Hoover’s placement of Brandeis on a list of people to be watched because of their political beliefs was not the last time he assumed it was appropriate for him to secretly intrude at the U.S. Supreme Court. In fact, his early interest in the esteemed Brandeis is early evidence of Hoover’s perception that he could intrude into and influence the inner works of institutions beyond his mandated responsibility, even the judiciary, the branch of government that was supposed to be the most independent. Justices of the U.S. Supreme Court and court staff members should, he thought, be willing to violate laws and their codes of ethics in order to serve his interests. In a few instances, members of the court staff and at least one justice did so.

During court appeals in the espionage cases of Ethel and Julius Rosenberg, who were executed in 1953 for conspiring to pass atomic secrets to the Soviet Union, Hoover received daily intelligence reports from inside the court, where all information exchanged that is not filed publicly is supposed to be confidential. According to a 1953 FBI memorandum, during the Rosenbergs’ appeals, the captain of the Supreme Court police “furnished immediately all information heard by his men stationed throughout the Supreme Court building. He kept special [FBI] agents advised of the arrival and departure of persons having important roles in this case.” As soon as the Rosenbergs were executed, the director authorized sending a letter of appreciation to two Supreme Court officials “for their whole-hearted cooperation in this case.”

A 2,076-page FBI file on the U.S. Supreme Court reveals that in addition to using Supreme Court employees as sources, the bureau investigated Hoover’s suspicions of communist influence on the court in the 1950s, a time when Earl Warren was chief justice of the court and when the court issued numerous opinions Hoover opposed. The file became public as a result of a Freedom of Information request by Alexander Charns, a Durham, North Carolina, attorney and the author of the 1992 book Cloak and Gavel: FBI Wiretaps, Bugs, Informers, and the Supreme Court.
In 1965, deputy FBI director Cartha Deloach, acting on Hoover’s behalf, secretly asked for and received direct assistance on Hoover’s behalf from Supreme Court justice Abe Fortas regarding a case then pending before the court that involved the bureau. After Fortas, in response to Hoover’s inquiry, violated a court rule that prohibits justices from discussing pending cases with anyone outside the court, Hoover wrote in a memo to Deloach that Fortas had demonstrated he was “a more honest man than I gave him credit for being.” It was a strange interpretation of honesty.
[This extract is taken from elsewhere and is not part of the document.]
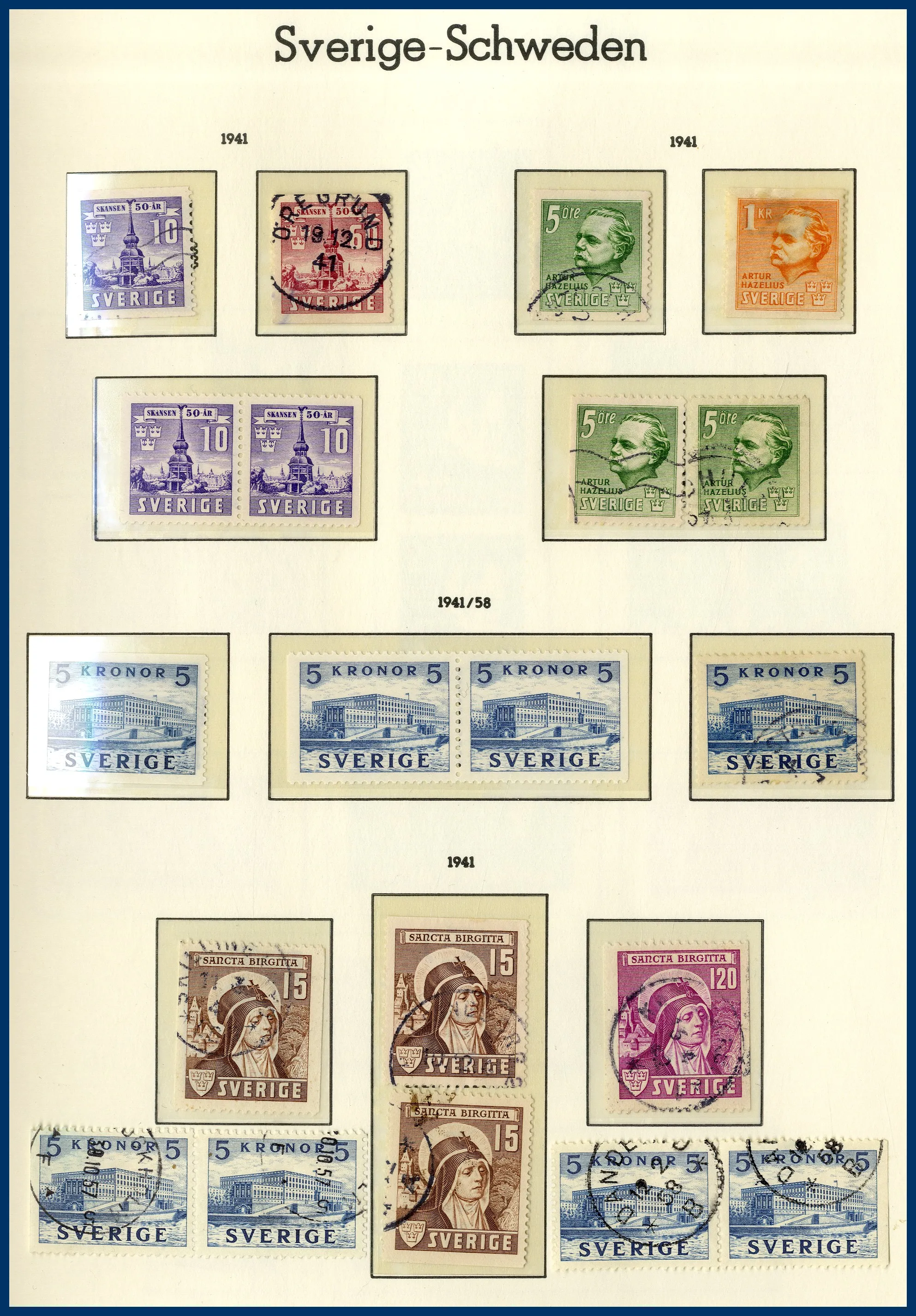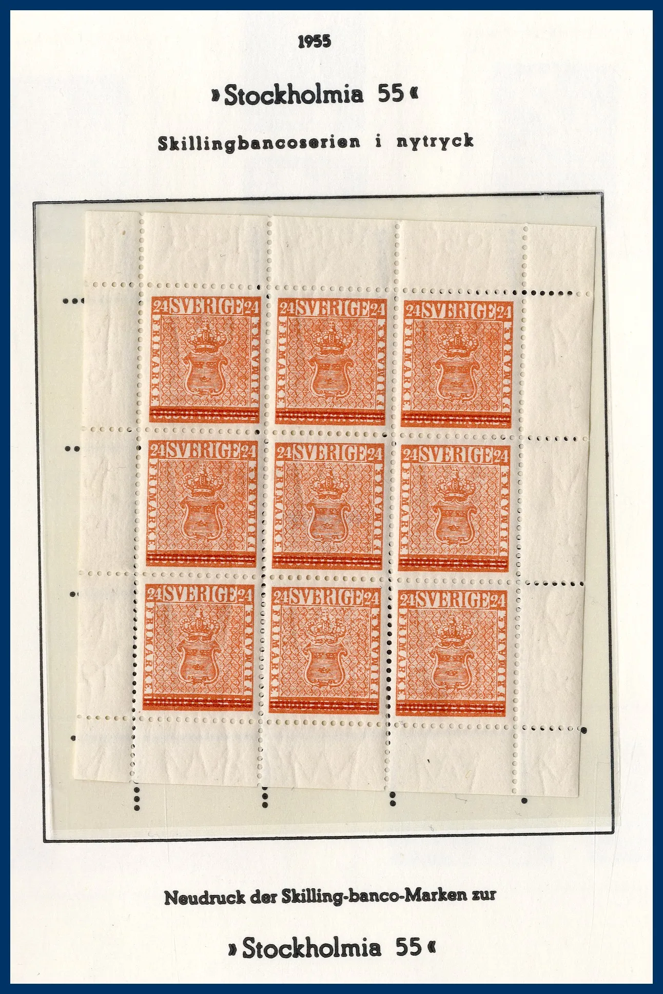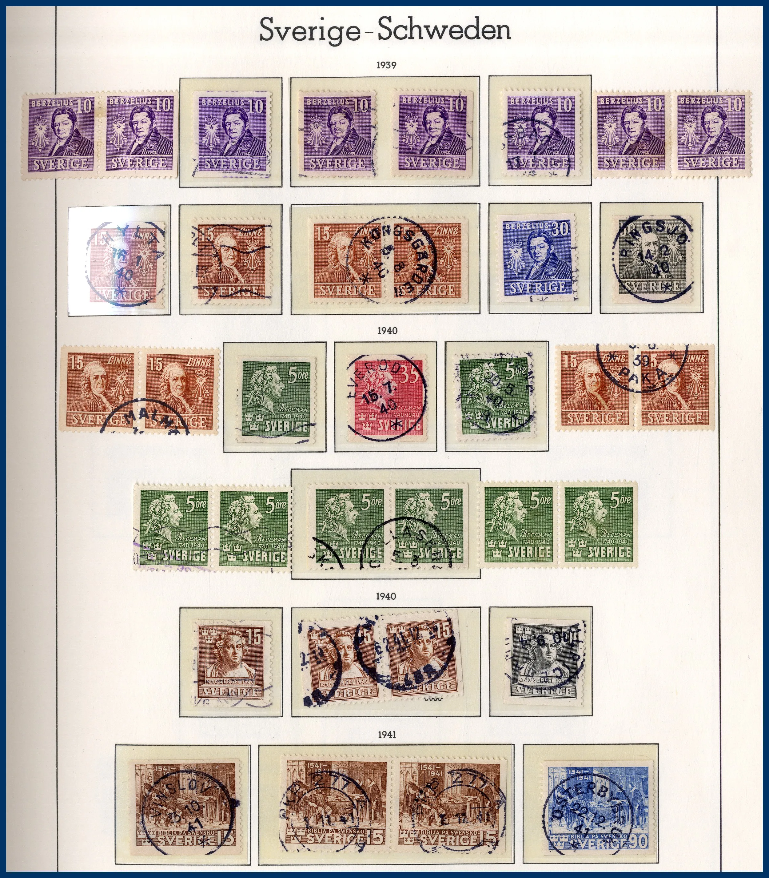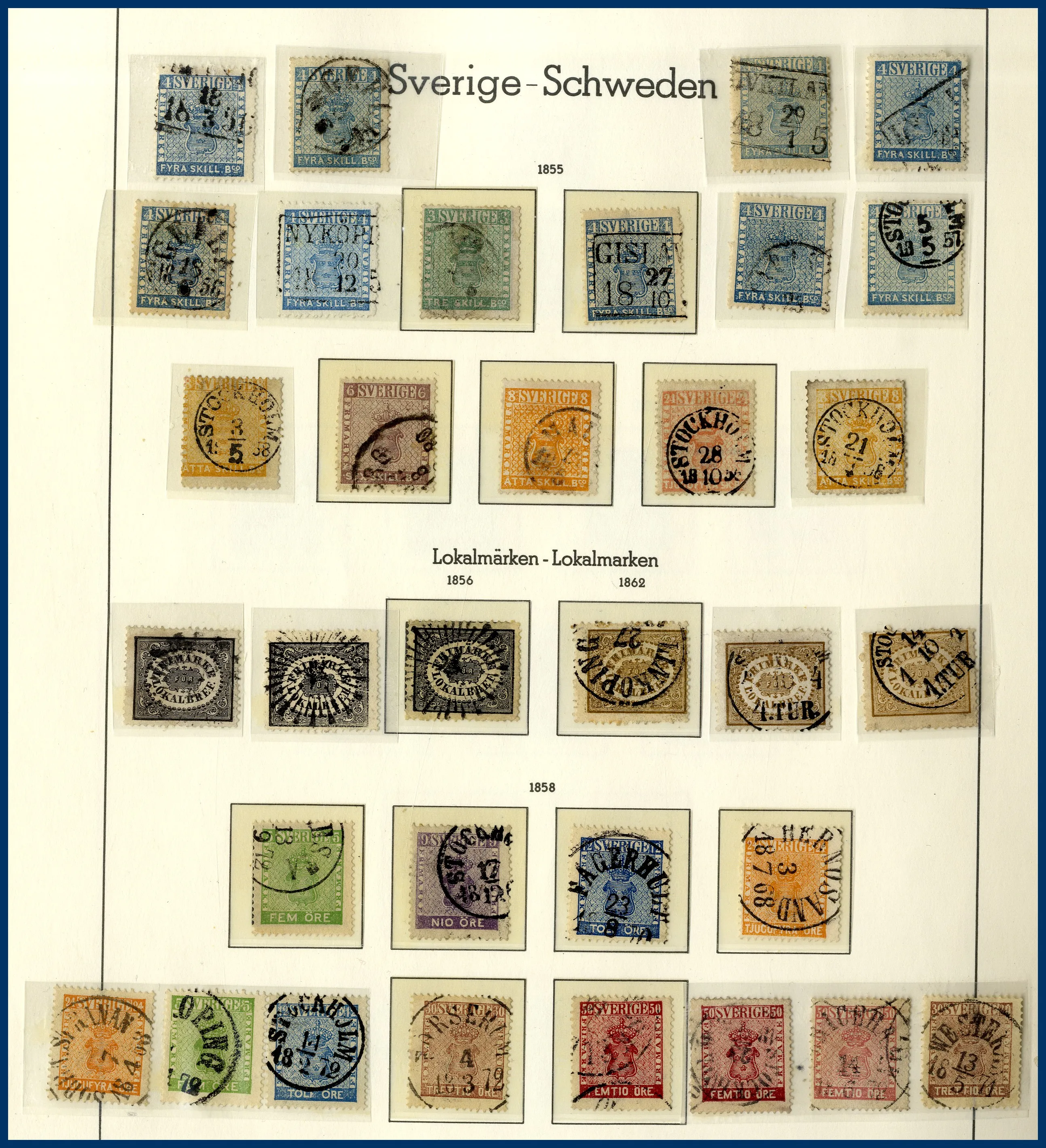 stämplat, från 1950-talet och framåt mer och mer **/*. Börjar med ett luckfyllarex av 3 Sk. Bco, 9 st 4-skillingar, ett luckfyllarex av 6 Sk. Bco, 3 st 8-skillingar varav en med intyg Franz Obermüller (1975) "Mycket god kvalitet utan reparationer eller förbättringar" och en med utlåtande Mats G. Nilsson (2025) av vilket det framgår att märket har diverse reparationer, 24 Sk. Bco med utlåtande Strandell (1951) diverse reparationer, 3 st svarta och 3 st bruna lokalmärken i blandad kvalitet, Vapen överkomplett (9-öringen med riss), Liggande lejon komplett, Ringtyp komplett förutom riksdalern t.13, ett par vackra stämplar på Oscar, Landstorm I-III komplett (både F.124 och F.125 *), Kongress/Förening komplett, samtliga BC-/CB-par, Bra Tjänste och Lösen. Från 1940-talet välbesatt med bl a alla 9-blocken i Stockholmia 55. Blandad kvalitet.

Hoover said he had feared Fortas “would try to weasel out [of helping Hoover] on grounds it was improper for him as a member of the court to even discuss the matter” – as, of course, it was. To Hoover, it was more important that the justice serve Hoover’s interest than it was that he maintain the integrity required by the court.

In those early years, when Hoover was beginning his long reign over two FBIs – the FBI the public knew as its protector and defender of laws, and the secret lawless FBI the Media burglars would uncover a half century later – Brandeis became one of the people Hoover thought the bureau should watch. At the same time, another government agency that would be unveiled in the 1970s for illegally conducting domestic surveillance, the U. S. Army, also was monitoring him.

Military Intelligence agents shadowed Justice Brandeis. They did so, for instance, on a trip back from Europe in 1919. Reports based on unnamed informers questioned Justice Brandeis’s loyalty because the informers thought he favored the Soviet Union. They also tracked what they referred to as his Zionist activities.
Like hundreds of thousands of Americans who were being watched by Hoover’s FBI, it is unlikely that Justice Brandeis, who deeply revered the right to privacy and the right to dissent, realized his own rights were being trampled by Hoover and the U.S. Army.